Work task -> Within the entries below, please return exactly the lines from the one with "Москва. 1 декабря." through the one with "Intelligent case management", leaving out any pictures.

Data to use ->
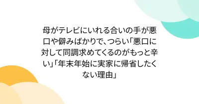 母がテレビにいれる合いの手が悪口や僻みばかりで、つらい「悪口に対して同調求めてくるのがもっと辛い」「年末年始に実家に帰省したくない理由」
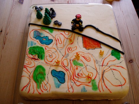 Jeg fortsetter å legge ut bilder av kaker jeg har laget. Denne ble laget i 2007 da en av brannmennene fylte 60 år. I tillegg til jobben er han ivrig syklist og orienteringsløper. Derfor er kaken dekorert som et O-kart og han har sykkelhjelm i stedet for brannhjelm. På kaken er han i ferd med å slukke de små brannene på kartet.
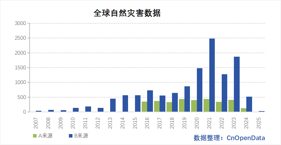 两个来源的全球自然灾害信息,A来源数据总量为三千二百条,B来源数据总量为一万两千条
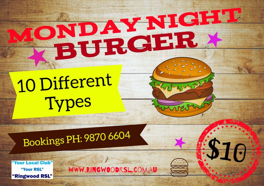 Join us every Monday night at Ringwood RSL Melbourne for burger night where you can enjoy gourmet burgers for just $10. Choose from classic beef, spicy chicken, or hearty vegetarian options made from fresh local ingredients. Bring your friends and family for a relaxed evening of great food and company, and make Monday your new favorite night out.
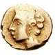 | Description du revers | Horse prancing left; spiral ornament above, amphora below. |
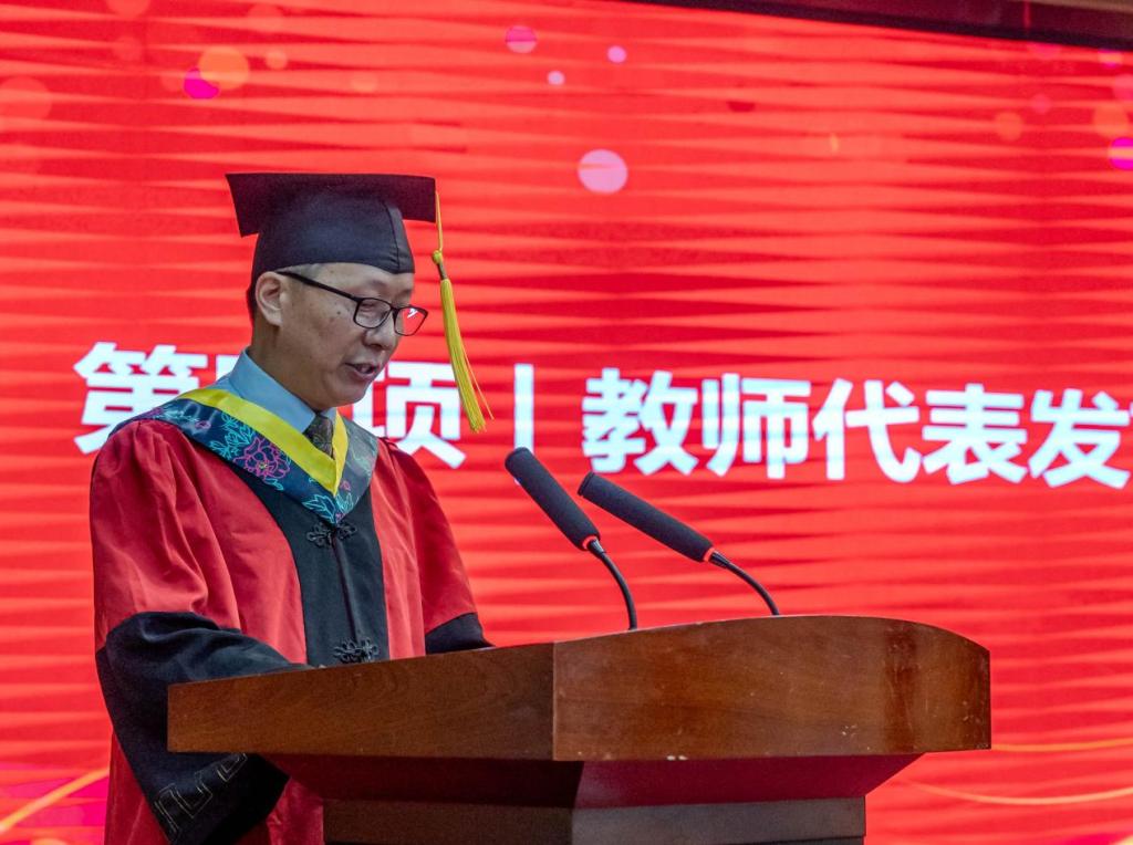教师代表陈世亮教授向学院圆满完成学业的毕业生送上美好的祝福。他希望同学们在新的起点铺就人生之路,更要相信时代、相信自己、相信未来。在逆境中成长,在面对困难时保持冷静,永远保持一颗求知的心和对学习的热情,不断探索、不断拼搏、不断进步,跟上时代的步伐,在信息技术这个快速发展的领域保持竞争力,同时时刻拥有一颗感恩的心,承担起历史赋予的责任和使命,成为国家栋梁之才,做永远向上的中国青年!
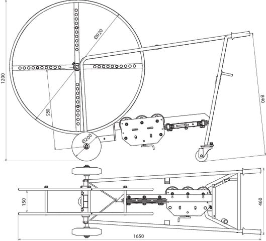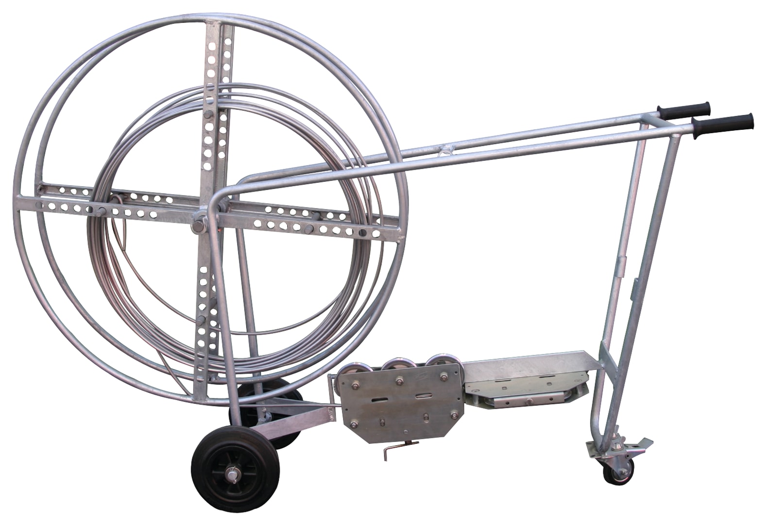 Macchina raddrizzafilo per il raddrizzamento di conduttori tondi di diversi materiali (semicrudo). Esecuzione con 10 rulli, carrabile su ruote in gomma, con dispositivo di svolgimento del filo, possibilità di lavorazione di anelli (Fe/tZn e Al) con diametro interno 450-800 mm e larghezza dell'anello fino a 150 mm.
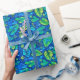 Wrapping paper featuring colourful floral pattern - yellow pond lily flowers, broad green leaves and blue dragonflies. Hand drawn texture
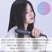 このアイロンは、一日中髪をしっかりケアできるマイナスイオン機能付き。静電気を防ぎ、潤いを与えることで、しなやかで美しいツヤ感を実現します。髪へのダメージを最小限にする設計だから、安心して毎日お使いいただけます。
* * *
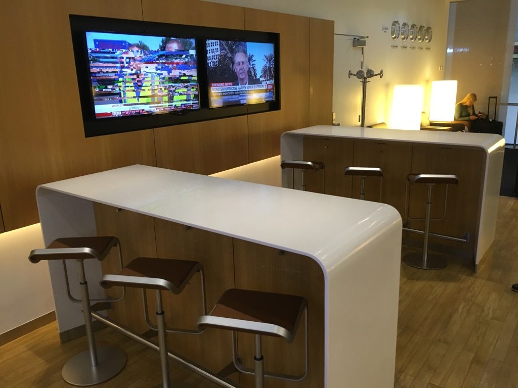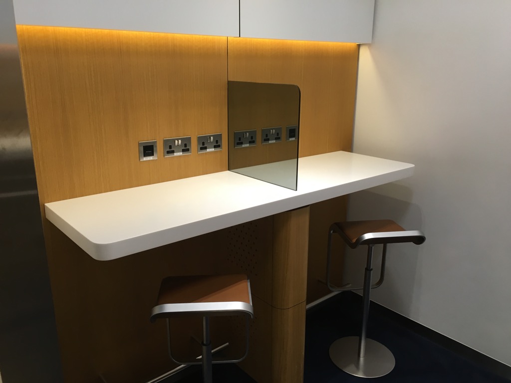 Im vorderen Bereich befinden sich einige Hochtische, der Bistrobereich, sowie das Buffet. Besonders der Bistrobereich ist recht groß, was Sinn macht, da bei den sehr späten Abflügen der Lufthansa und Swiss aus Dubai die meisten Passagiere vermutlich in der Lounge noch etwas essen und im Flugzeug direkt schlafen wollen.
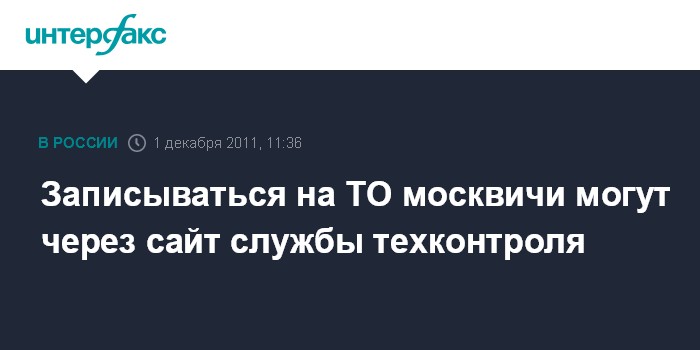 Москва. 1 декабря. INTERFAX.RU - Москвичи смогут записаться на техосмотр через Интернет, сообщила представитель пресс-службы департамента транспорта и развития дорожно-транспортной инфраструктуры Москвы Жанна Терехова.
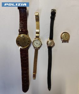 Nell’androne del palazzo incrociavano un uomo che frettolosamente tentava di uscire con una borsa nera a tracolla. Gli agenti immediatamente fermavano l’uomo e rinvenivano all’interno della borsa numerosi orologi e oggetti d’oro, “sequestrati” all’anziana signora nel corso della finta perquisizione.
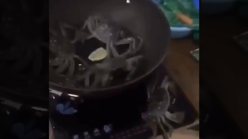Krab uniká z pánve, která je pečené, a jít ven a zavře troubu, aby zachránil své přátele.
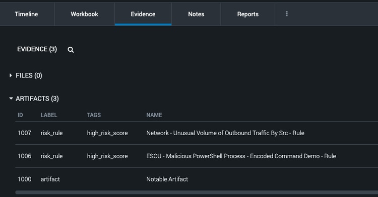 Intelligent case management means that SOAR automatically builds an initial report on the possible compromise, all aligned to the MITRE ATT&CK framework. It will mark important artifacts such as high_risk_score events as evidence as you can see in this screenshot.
---
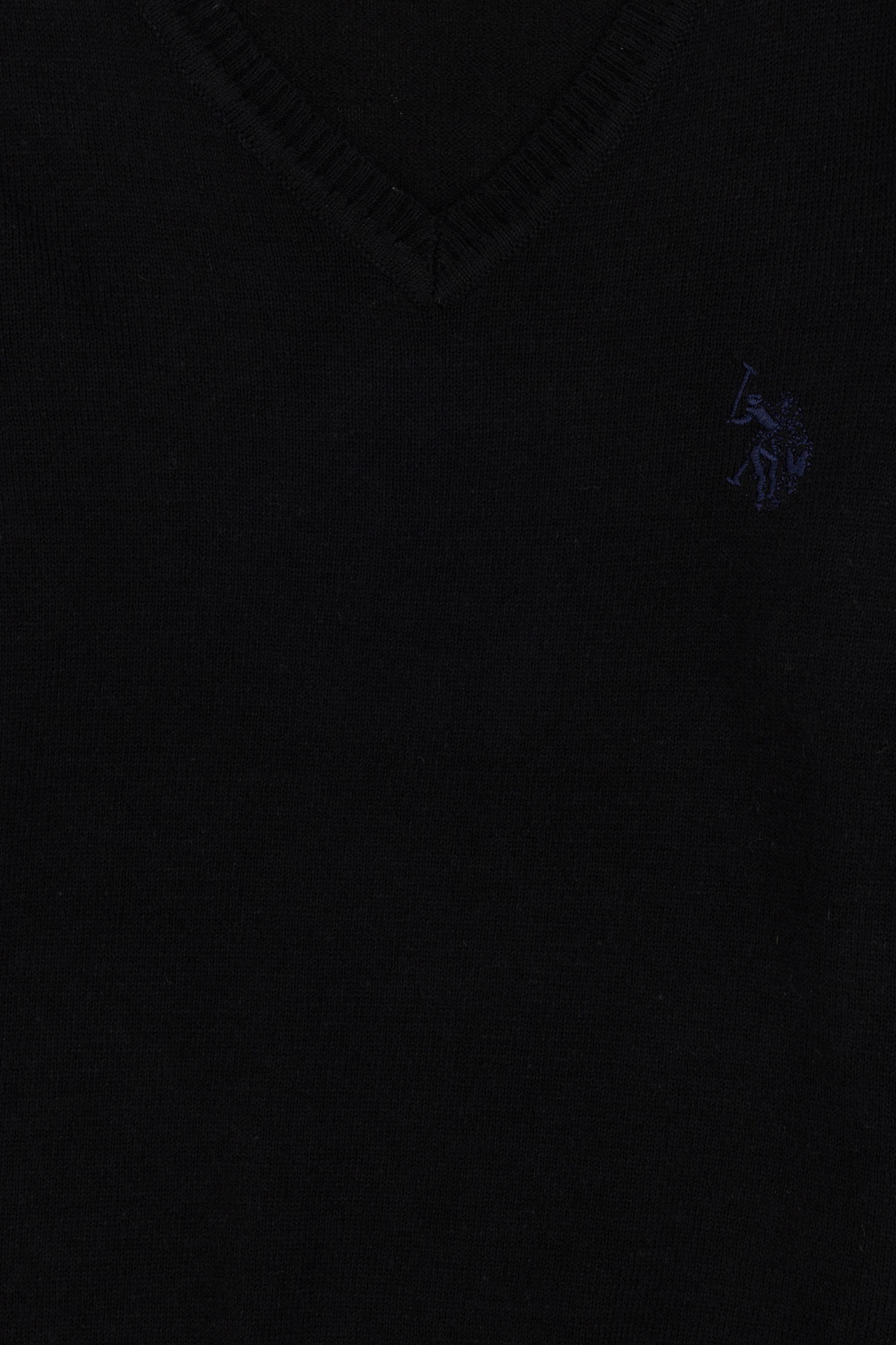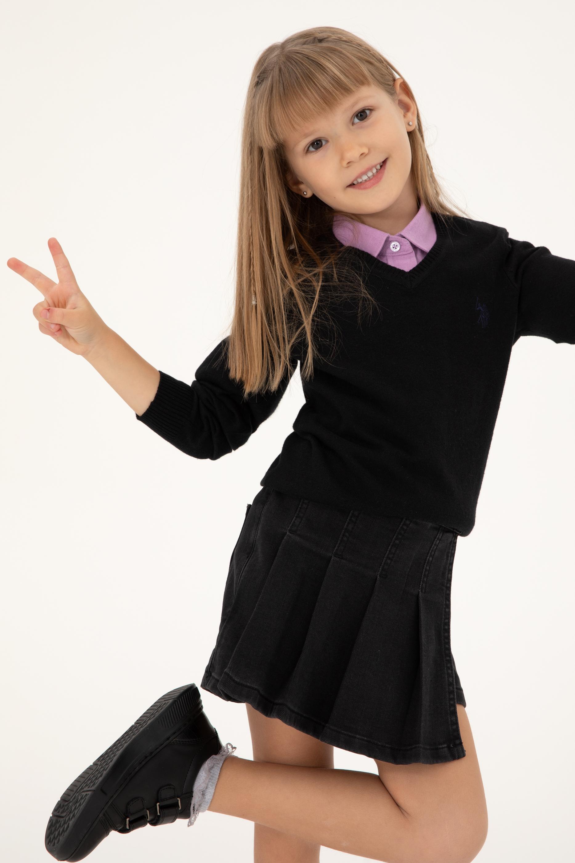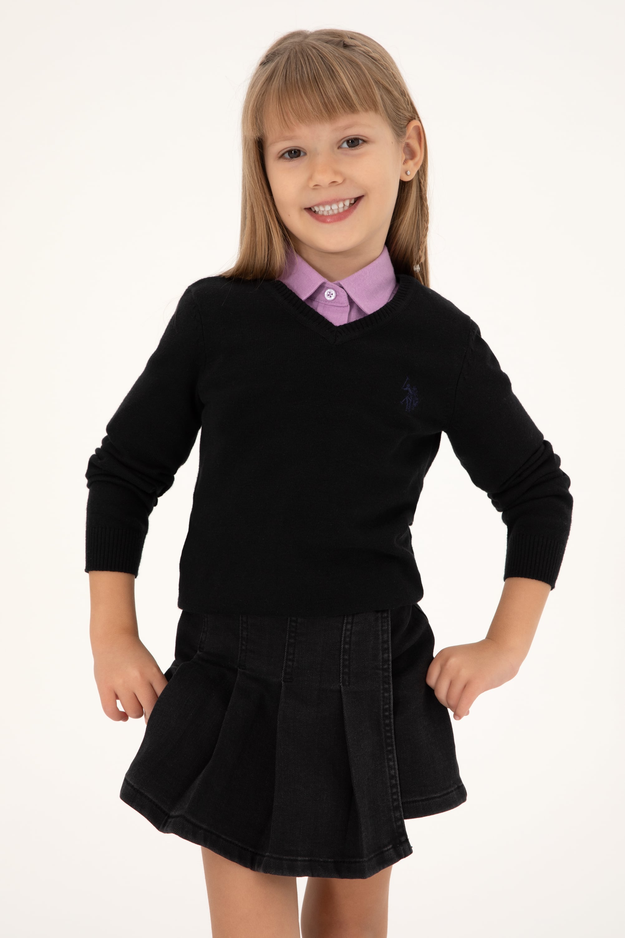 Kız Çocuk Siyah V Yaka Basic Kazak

Written solution ->
 Москва. 1 декабря. INTERFAX.RU - Москвичи смогут записаться на техосмотр через Интернет, сообщила представитель пресс-службы департамента транспорта и развития дорожно-транспортной инфраструктуры Москвы Жанна Терехова.
 Nell’androne del palazzo incrociavano un uomo che frettolosamente tentava di uscire con una borsa nera a tracolla. Gli agenti immediatamente fermavano l’uomo e rinvenivano all’interno della borsa numerosi orologi e oggetti d’oro, “sequestrati” all’anziana signora nel corso della finta perquisizione.
Krab uniká z pánve, která je pečené, a jít ven a zavře troubu, aby zachránil své přátele.
 Intelligent case management means that SOAR automatically builds an initial report on the possible compromise, all aligned to the MITRE ATT&CK framework. It will mark important artifacts such as high_risk_score events as evidence as you can see in this screenshot.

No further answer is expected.